I put the decals in today. While doing so, I accidently allowed one of the letters to come in contact with the sticky side. Now i have some glue on the "G" of the GTO. What's the best way to get it off? I have already tried rubbing alcohol. Any sugestions, search didn't help any!

Thanks!


----------



## GTO JUDGE (May 14, 2005)

LYNMUP said:


> I put the decals in today. While doing so, I accidently allowed one of the letters to come in contact with the sticky side. Now i have some glue on the "G" of the GTO. What's the best way to get it off? I have already tried rubbing alcohol. Any sugestions, search didn't help any!
> 
> Thanks!


*Try WD-40 This should work

or try some wax or paint cleaner.*


----------



## LYNMUP (Nov 26, 2005)

WD-40 won't get under the decal and ruin it? I'l try it and see what happens.

Thanks!


----------



## GTO JUDGE (May 14, 2005)

LYNMUP said:


> WD-40 won't get under the decal and ruin it? I'l try it and see what happens.
> 
> Thanks!


*WD 40 is a wonder cure. Spray some on a soft cloth and gently rub the decal.
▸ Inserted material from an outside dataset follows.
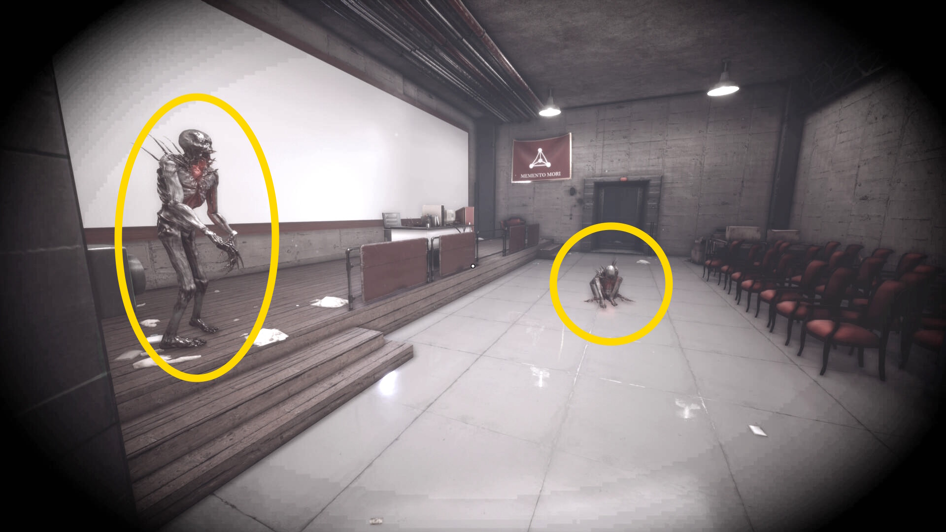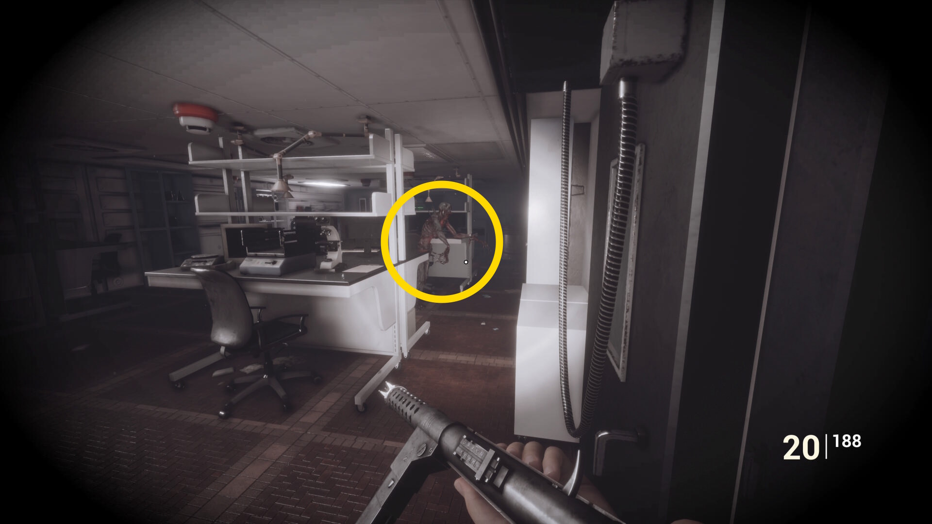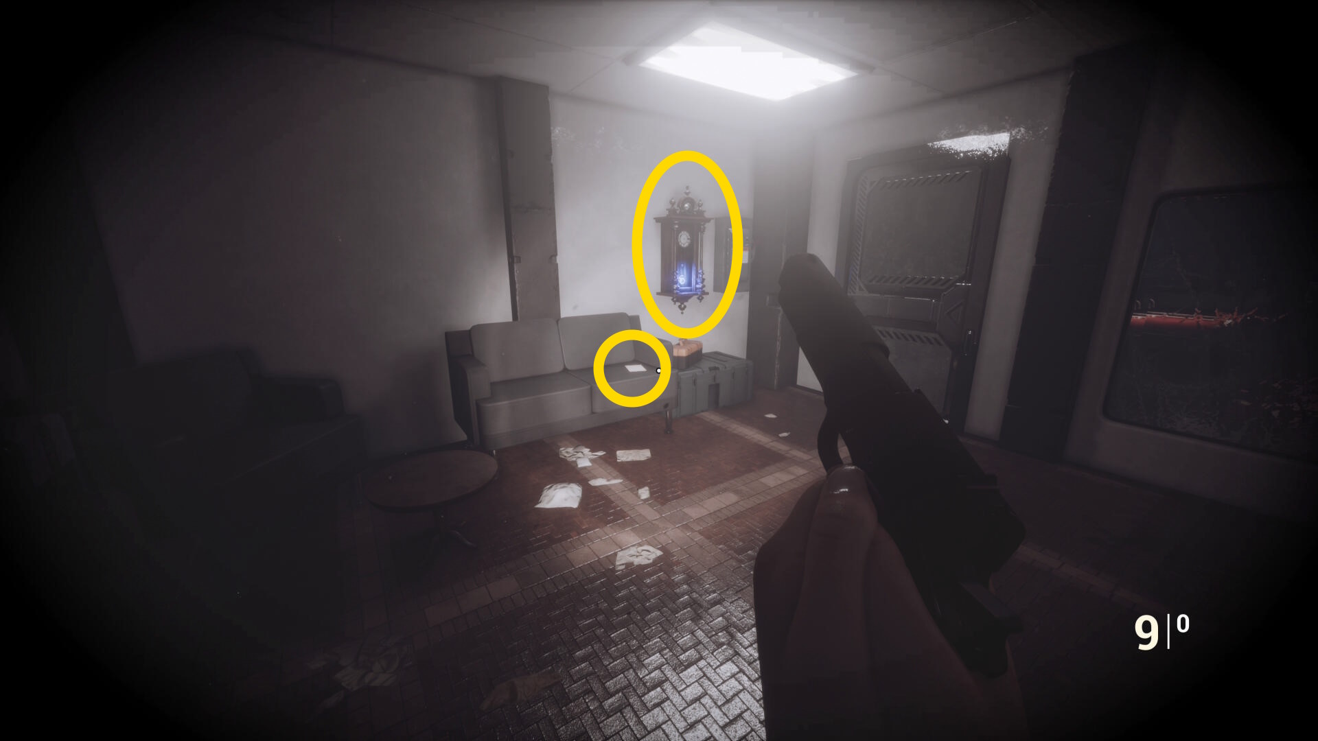 - 衝立のほうに近づくが、蛍光灯の上にクモ型の敵がいるのでキル

It is a solvent based product. I wouldn't saturate the decal just rub it lightly with the WD 40. I have used it for getting glue off of vinyl etc. 
*


----------



## Guest (May 30, 2007)

*decal*



GTO judge said:


> *WD 40 is a wonder cure. Spray some on a soft cloth and gently rub the decal. It is a solvent based product. I wouldn't saturate the decal just rub it lightly with the WD 40. I have used it for getting glue off of vinyl etc.
> *



YEP,,, WD40


----------



## LYNMUP (Nov 26, 2005)

DONE! Those decals really set off the rear of the car so much! Can't wait to see what they look like at night.


----------



## GTO_Addict (Mar 2, 2007)

Do you have a pick we can see of the new decals?


----------



## silversport (Mar 23, 2007)

love to see them in an SAP rear facia...
Bill


----------



## GTO JUDGE (May 14, 2005)

LYNMUP said:


> DONE! Those decals really set off the rear of the car so much! Can't wait to see what they look like at night.
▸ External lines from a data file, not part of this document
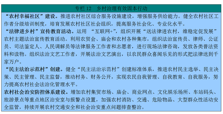 13。精确聚焦阶段使命。正在全面建成小康社会决胜期,沉点抓好防备化解严沉风险、精准脱贫、污染防治三大攻坚和,加速补齐农业现代化短腿和村落扶植短板。正在全面扶植社会从义现代化国度新征程期间,沉点加速城乡融合成长轨制设想和政策立异,鞭策城乡公共资本平衡设置装备摆设和根基公共办事均等化,推进村落管理系统和管理能力现代化,全面提拔农人风貌。
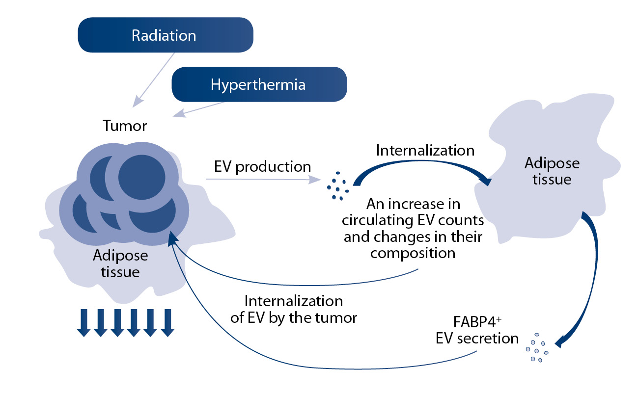 Рис. 4. Схема взаимодействия опухоли и жировой ткани посредством внеклеточных везикул (ВВ) в условиях лучевой терапии и гипертермии; FABP4+ – маркер адипоцитарных ВВ
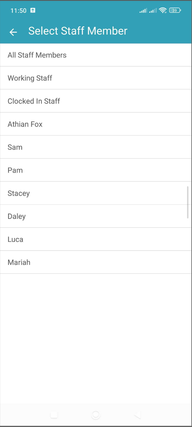 - You have the option to select from the following: all staff members, working staff, clocked-in staff members, or the name of a specific staff member
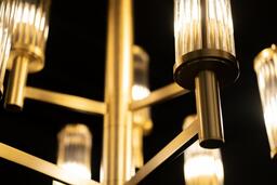 Люстра в латуни со стеклянными трубочками. Матовая латунь смотрится стильно и нарядно. люстра лаконично дополнит ваш интерьер. Стекляные трубочки играют светом, создавая эффект дисперсии. композиция придает особенную атмосферу уюта и тепла комнате. Люстра регулируется по высоте, цепь можно опустить до 2х метров.
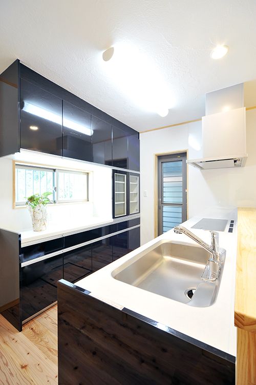キッチンが壁に向かって作られています。リビング、ダイニングとの間に、壁や仕切りがなく、お部屋の一部になったようなキッチンです。
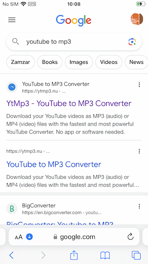 3. Abre google.com en un navegador y busca YouTube a mp3.
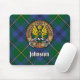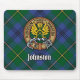 Crachá da crista Clan Johnston cercado por uma correia e fivela sobre fundo tartano. Texto personalizado.
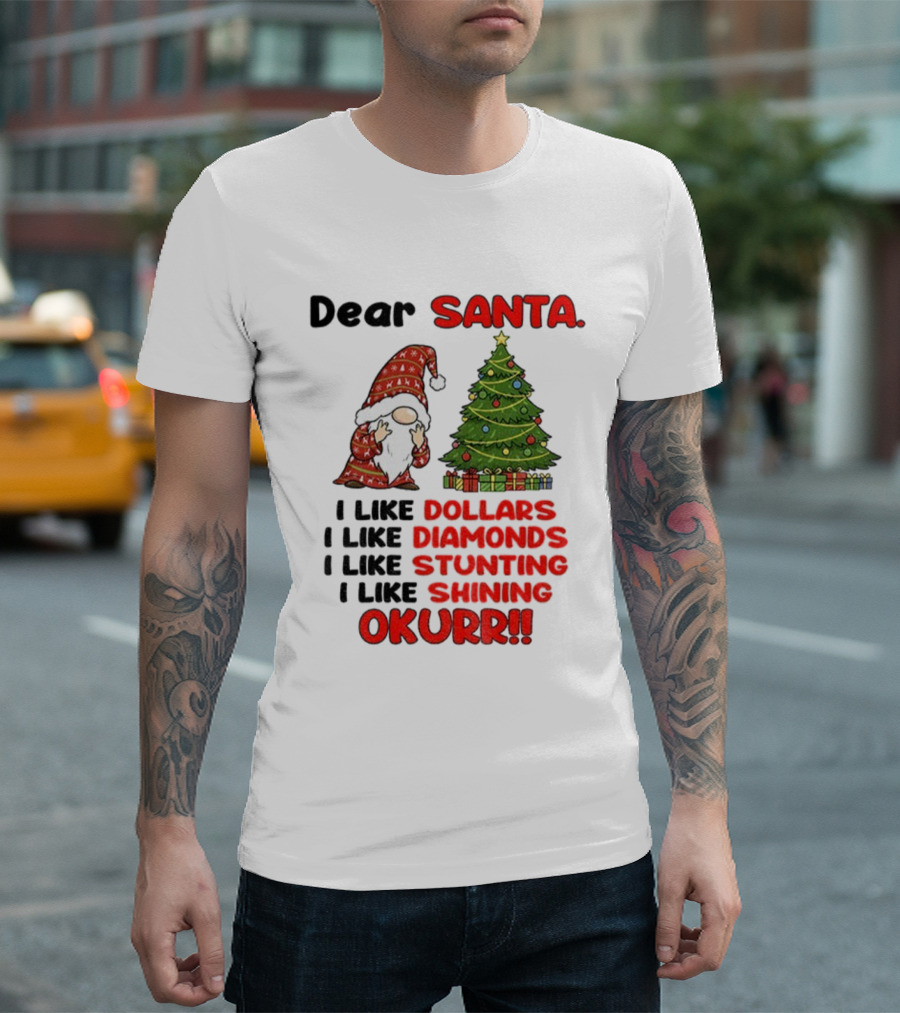 Dear Santa Gnome Xmas I Like Dollars Diamonds Stunting Shining Okurrr Merry Christmas T-Shirt

*Glad it worked....... Any pics of the decals? If you look at my gallery you will see circa 1970 OEM decals. I plan on having the GTO on the rear facia outlined to carry the OEM decal theme look to the stamped area in the facia. NOT fully painted in like others do. Kinda like a pin stripe inside the GTO stamp. 150 to do it ouch..one of these days though.*


----------



## LYNMUP (Nov 26, 2005)

I don't have any pics yet. The weathers been so crappy the past few days. I'll get some tomorrow after I get her cleaned up and then some night pics later in the p.m.

I do not have the rear SAP bumper, just the front. It does distinguish the car now. So when I destroy people they won't have to wonder what just handed them their @$$.


----------